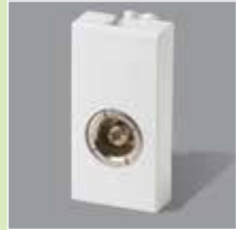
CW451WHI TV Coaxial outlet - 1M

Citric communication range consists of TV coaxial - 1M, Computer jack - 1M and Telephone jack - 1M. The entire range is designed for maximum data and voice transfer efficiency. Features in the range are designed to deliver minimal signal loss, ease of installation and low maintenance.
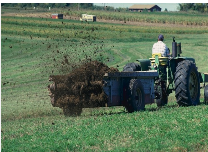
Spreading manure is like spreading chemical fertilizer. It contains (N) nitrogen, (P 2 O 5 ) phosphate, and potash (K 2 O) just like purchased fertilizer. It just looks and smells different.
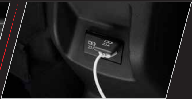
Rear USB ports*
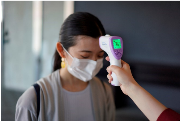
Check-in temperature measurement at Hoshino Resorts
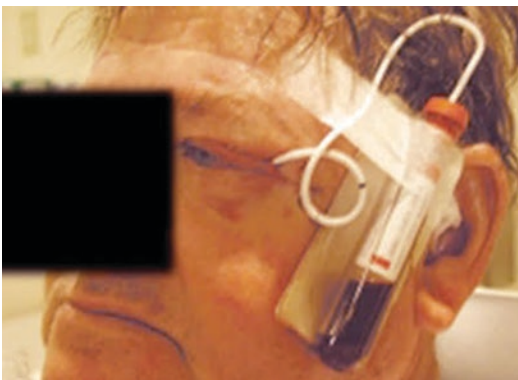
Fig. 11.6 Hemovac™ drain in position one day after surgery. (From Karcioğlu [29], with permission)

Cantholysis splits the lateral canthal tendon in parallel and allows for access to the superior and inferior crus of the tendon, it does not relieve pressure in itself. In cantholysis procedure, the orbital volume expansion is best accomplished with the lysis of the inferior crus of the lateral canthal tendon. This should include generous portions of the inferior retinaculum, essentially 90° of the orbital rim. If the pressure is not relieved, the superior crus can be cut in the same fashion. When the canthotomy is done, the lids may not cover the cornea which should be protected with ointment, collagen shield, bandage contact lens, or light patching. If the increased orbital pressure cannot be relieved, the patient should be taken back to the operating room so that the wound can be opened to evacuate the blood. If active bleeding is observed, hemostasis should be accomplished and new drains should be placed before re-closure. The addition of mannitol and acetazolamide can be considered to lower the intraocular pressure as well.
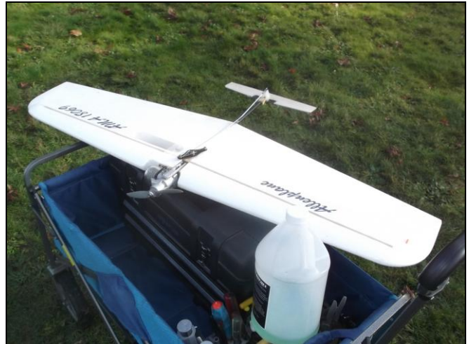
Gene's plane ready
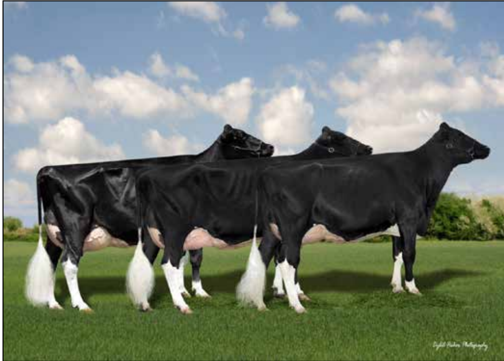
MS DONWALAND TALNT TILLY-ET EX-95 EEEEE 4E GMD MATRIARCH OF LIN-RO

...

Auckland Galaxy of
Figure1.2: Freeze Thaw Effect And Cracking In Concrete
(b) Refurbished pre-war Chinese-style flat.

...

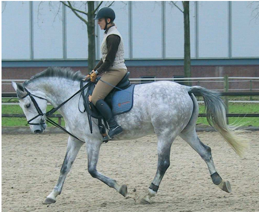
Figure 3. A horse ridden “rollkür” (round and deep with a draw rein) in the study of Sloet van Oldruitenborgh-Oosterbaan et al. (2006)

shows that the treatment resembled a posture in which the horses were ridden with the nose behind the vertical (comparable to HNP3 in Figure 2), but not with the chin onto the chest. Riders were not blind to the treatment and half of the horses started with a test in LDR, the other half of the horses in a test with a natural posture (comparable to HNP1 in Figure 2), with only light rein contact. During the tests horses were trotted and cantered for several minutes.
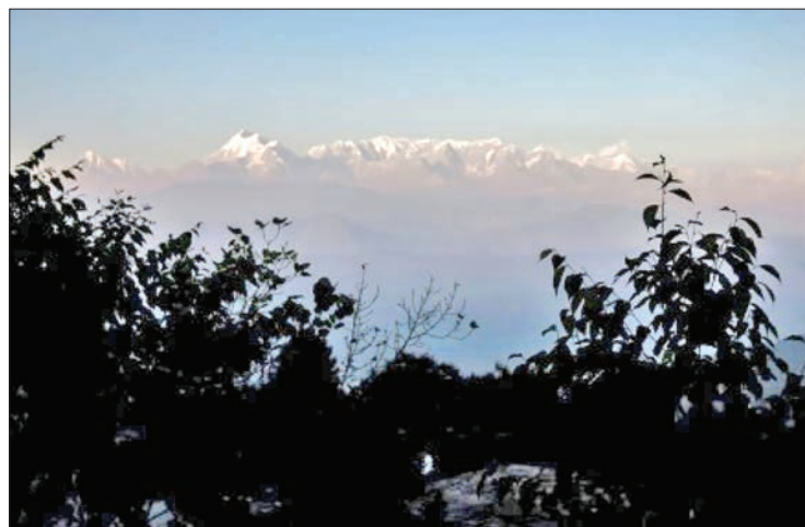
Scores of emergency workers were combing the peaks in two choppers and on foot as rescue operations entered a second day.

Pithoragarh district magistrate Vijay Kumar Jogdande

■ What is being asked ■
Set down, from the entries above, exactly the lines from the one with "Auckland Galaxy of" up to and including the one with "(b) Refurbished pre-war Chinese-style flat.", and no other lines.

■ Task solution ■
Auckland Galaxy of
Figure1.2: Freeze Thaw Effect And Cracking In Concrete
(b) Refurbished pre-war Chinese-style flat.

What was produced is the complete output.